Kuşların ötüşü, doğadaki en hoş seslerden biridir. Kuşlar öterken aslında birbirleriyle haberleşirler. Bir yuva kurmak isteyen her erkek kuş, yüksekçe bir yere çıkar. Öterek ve kanatlarını çırparak rakiplerine karşı kendi bölgesinin istiklâliyetini ilân eder. Elbette kuşların ötüşü, neşenin sade bir ifadesidir. Fakat çoğu zaman bu sesler, iletişim çabalarıdır.
Vahşi kuşlar geceleri göç ederlerken çığlık atar. Bu çığlıklar kuşları bir arada tutar ve kaybolanlann yuvaya geri dönmesini sağlar.
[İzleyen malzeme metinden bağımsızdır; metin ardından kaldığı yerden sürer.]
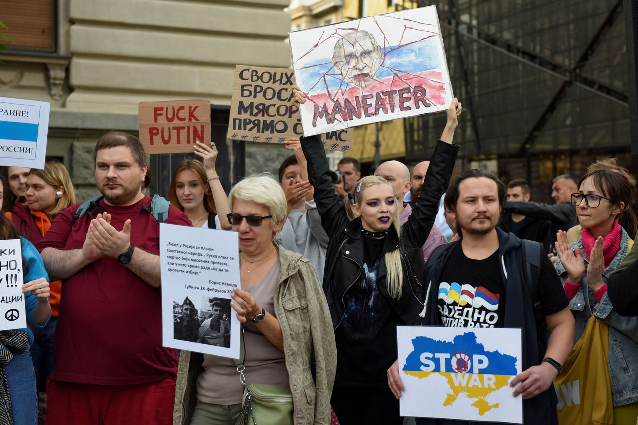 ▲多地爆發反對俄羅斯政府局部動員令的抗議。(圖/路透)

Ayrıca Baykuş veya karga gibi ötücü kuşlar, vahşî hayattan bir tehlike ile karşılaşıldığında değişik bir ses çıkararak yardım isterler ve sürü halinde düşmanın üzerine saldırırlar.
Bu sesi duyan her türdeki ötücü kuş, derhal hâdise yerine, yardıma koşar. Kuşlar ötmeyi sonradan öğrenmez, bu doğuştan gelen bir içgüdüdür. Bu, kuşların ötmeyi öğrenemeyecekleri anlamına gelmez. Aslında bazı kuşlar diğer kuşların ötüş şekillerini öğrenebilir.
Eğer bir kanarya bir bülbülle bir arada büyümüşse, bülbülün ötüşünü güzel bir şekilde taklit edebilir. Hepimiz, bir papağanın duyduğu sesleri nasıl taklit ettiğini biliriz. Kuşlar birçok değişik sebepten dolayı öter; kur yapmak, tehlikeyi haber vermek,yuvanın sınırlarını ilân etmek veya sadece “Ben varım” demek için. Diğer hayvanlar da hemen hemen aynı sebepler için sesler çıkarır. Her ne kadar bunların sesleri kuşlarınki gibi, müzik zevkimize uymasa da, kendi aralarındaki haberleşmenin temel vasıtasıdır.